**Your instructions:**
Transcribe exactly, and only, the lines from the one with "Castell de focs" through the end of the records below, including both of those lines. Skip all pictures.

**Dataset:**
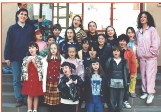
Una delle prime formazioni del Coro Doremix del 1997 ...

Dopo l'adesione alla Federazione Cori avremo la possibilità e l'occasione di seguire maggiormente l'attività di questo Coro del quale, sicuramente, parleremo ancora e molto.
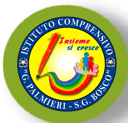
I.C. PALMIERI - BOSCO San Severo

PRESSO SALA ENTE PROVINCIA VIA P. TELESFORO 53 FOGGIA
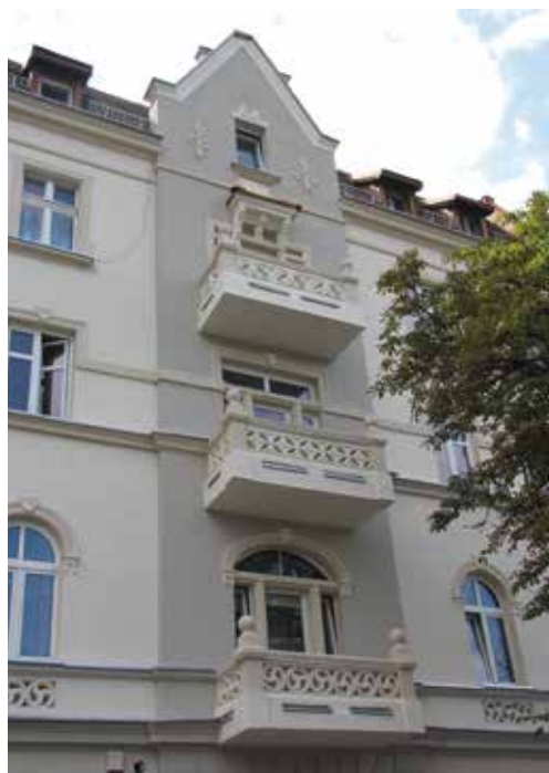
Fragment zabudowy ul. J. Lompy
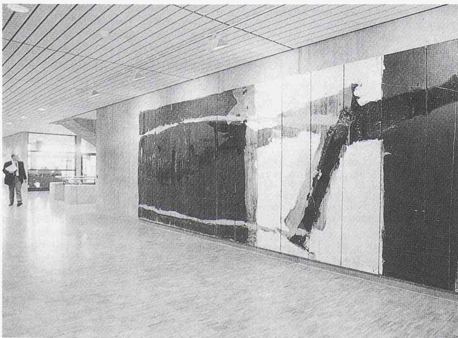
Kunst im Berufsbildungszentrum Grenchen, Erdgeschoss: Daniel Gemperle, Malerei auf Schalungstafeln, 2,50 x 7,00 m
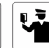
出国手続／入国手続／ 検疫／書類審査 Immigration / Quarantine / Inspection 출국수속 / 입국수속 / 검역 / 서류심사 出国手续 / 入境手续 / 检疫 / 文件审查
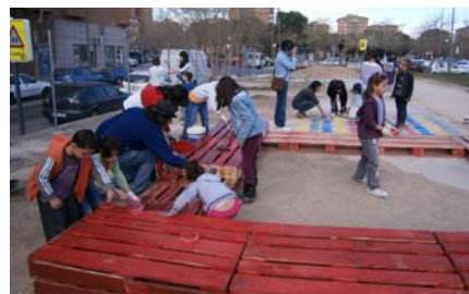
Fig. 15. Construcción del arenero.
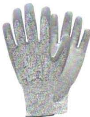
GUANTES DE TRABAJO
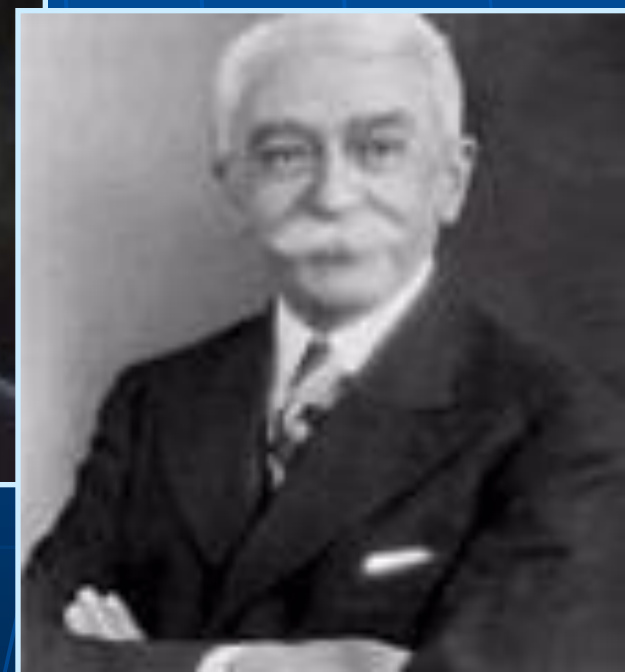
Пьер де Кубертен
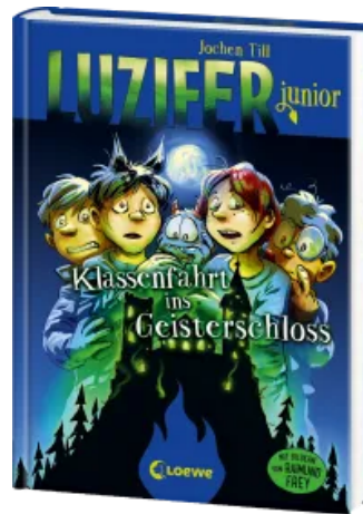
Luzifer junior (Band 15) - Klassenfahrt ins Geisterschloss Hardcover
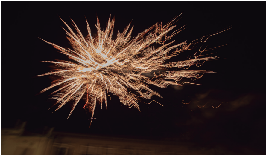
Castell de focs de l'espectacle inaugural de Manresa 2022, fa un any

Un cop tancat l'Any de Celebració, el projecte Manresa 2022, enfocat a potenciar la ciutat com a destinació turística, continuarà el seu camí, mantenint actes que s'han anat consolidant en la programació cultural i que estan pensats per potenciar la petjada ignasiana que guarda la ciutat, com les Jornades Gastronòmiques del Camí Ignasià, el cicle de músiques Sons del Camí o la Marxa del Pelegrí. Així mateix, es continua treballant en la potenciació del Camí Ignasià, conjuntament amb les altres comunitats per on passa, tenint sempre en compte que Manresa és el final d'aquest camí, i on el visitant pot descobrir el patrimoni ignasià tot fent estada a la ciutat.
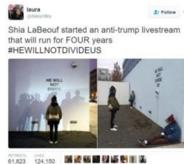
Как всё началось

he will not divide us BEST TROLL MOMENTS ★ Дайджест
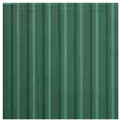
08 FLORA puro e naturale
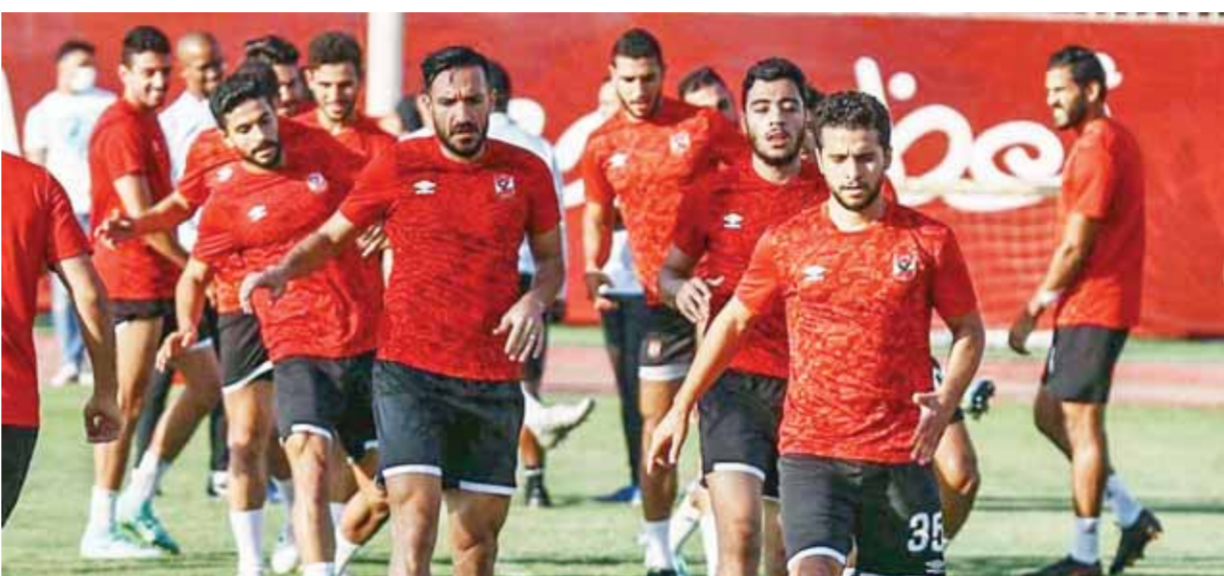
الجديدة واضحة على استعدادات الأهلي للنهائي الأفريقي
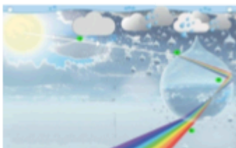
Gambar 2. Data acuan visual.
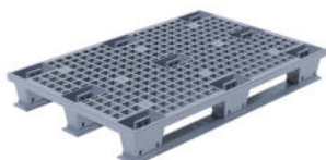
TR 1208 LPS

**Response to the exercise:**
Castell de focs de l'espectacle inaugural de Manresa 2022, fa un any

Un cop tancat l'Any de Celebració, el projecte Manresa 2022, enfocat a potenciar la ciutat com a destinació turística, continuarà el seu camí, mantenint actes que s'han anat consolidant en la programació cultural i que estan pensats per potenciar la petjada ignasiana que guarda la ciutat, com les Jornades Gastronòmiques del Camí Ignasià, el cicle de músiques Sons del Camí o la Marxa del Pelegrí. Així mateix, es continua treballant en la potenciació del Camí Ignasià, conjuntament amb les altres comunitats per on passa, tenint sempre en compte que Manresa és el final d'aquest camí, i on el visitant pot descobrir el patrimoni ignasià tot fent estada a la ciutat.
Как всё началось

he will not divide us BEST TROLL MOMENTS ★ Дайджест
08 FLORA puro e naturale
الجديدة واضحة على استعدادات الأهلي للنهائي الأفريقي
Gambar 2. Data acuan visual.
TR 1208 LPS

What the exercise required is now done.